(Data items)
##############################

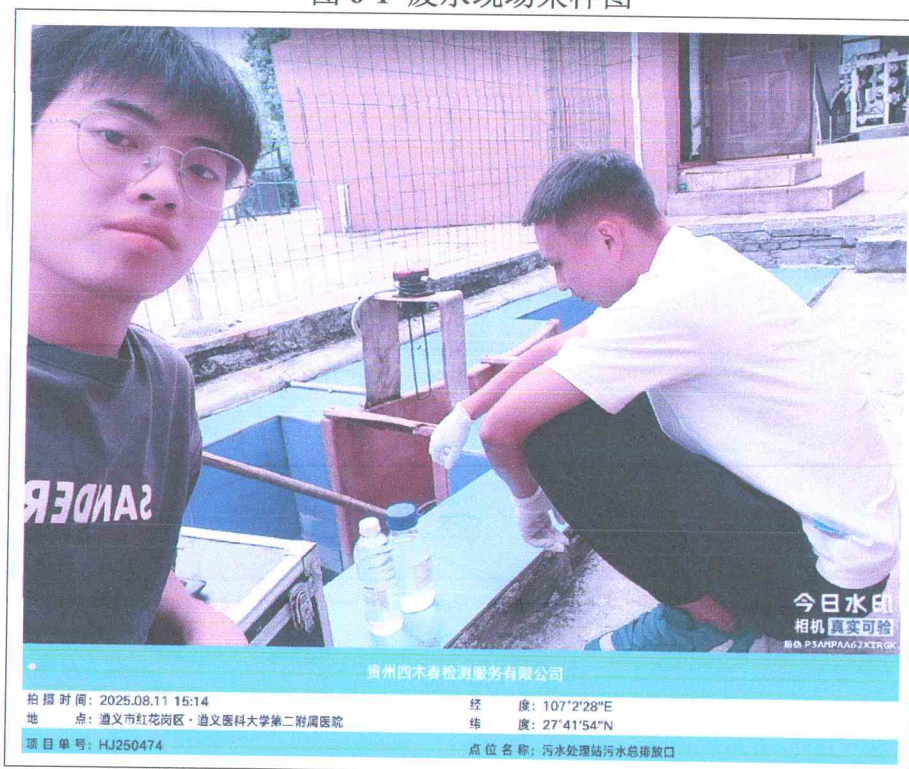
图 6-1 废水现场采样图
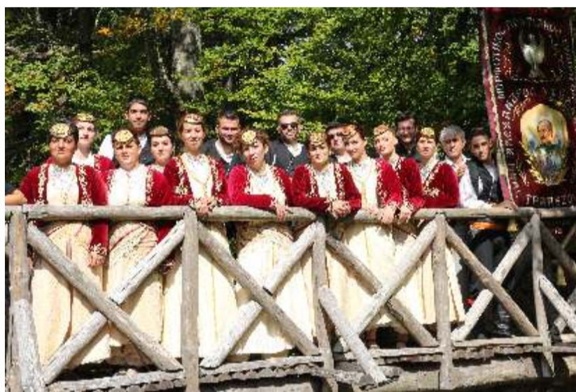
Η χορευτική ομάδα σε αναμνηστική φωτογραφία
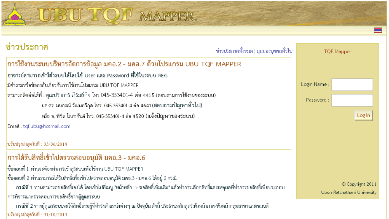
รูปที่ 1 หน้าจอสำหรับการ Login ใช้งาน UBU TQF MAPPER
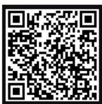
สแกน QR Code
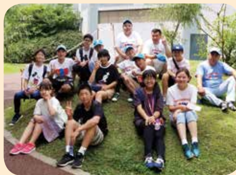
▲楽しかったマリニピア日本海
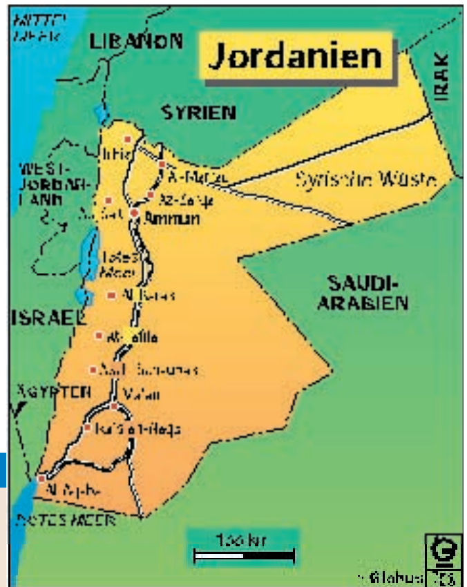
Abb. 1: Im „Brennpunkt Nahost“: Königreich Jordanien

Die Ausstattung eines Rettungswagens wird nicht nur durch medizinische Notwendigkeiten bestimmt. Auch Faktoren wie die geografische Lage des Einsatzgebietes, das Klima, die Kultur, die Geschichte, die Infrastruktur sowie die Wirtschaftssituation können Einfluss auf die RTW-Ausstattung haben. Im Rahmen eines Promotionsvorhabens wird vom Verfasser die Ausstattung des Rettungswagens aus Sicht der Arbeitswissenschaft am Beispiel der Länder Deutschland, Israel, Jordanien und Palästina untersucht und verglichen. Vor diesem Hintergrund wurde bei einem Vor-Ort-Termin in Jordanien die Ausstattung der dortigen Rettungswagen untersucht und dokumentiert. Des Weiteren konnten dabei interessante Details des jordanischen Rettungssystems in Erfahrung gebracht werden.
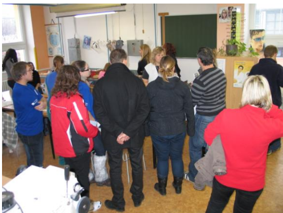
DOD: na dílně optiků
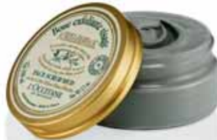
Boue Exfoliante Visage Pot 100ml.

* Hydratation des couches supérieures de l'épiderme
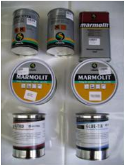
Pegamento líquido/pasta y abrillantadores para mármol y granito.
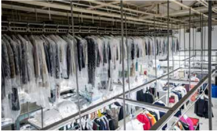
▲3월 의류 수출 늘고 수입은 줄었다.

3월 한국 전체 수출은 866억 달러로 전년 동월 대비 49.2% 증가했다. 무역수지는 262억 달러 흑자를 기록했다. 경공업 수출 확대 국면에서 섬유·의류 및 화장품 제품군도 증가세를 보였으나, 반도체 중심의 구조적 편중은 더욱 강화됐다.

##############################

- _THE PROBLEM_
The copy should hold exactly the lines from the one containing "supérieures de l'épiderme" through the final line of the records above, both ends included, and no picture.

- _SOLUTION FOR THIS PROBLEM_
* Hydratation des couches supérieures de l'épiderme
Pegamento líquido/pasta y abrillantadores para mármol y granito.
▲3월 의류 수출 늘고 수입은 줄었다.

3월 한국 전체 수출은 866억 달러로 전년 동월 대비 49.2% 증가했다. 무역수지는 262억 달러 흑자를 기록했다. 경공업 수출 확대 국면에서 섬유·의류 및 화장품 제품군도 증가세를 보였으나, 반도체 중심의 구조적 편중은 더욱 강화됐다.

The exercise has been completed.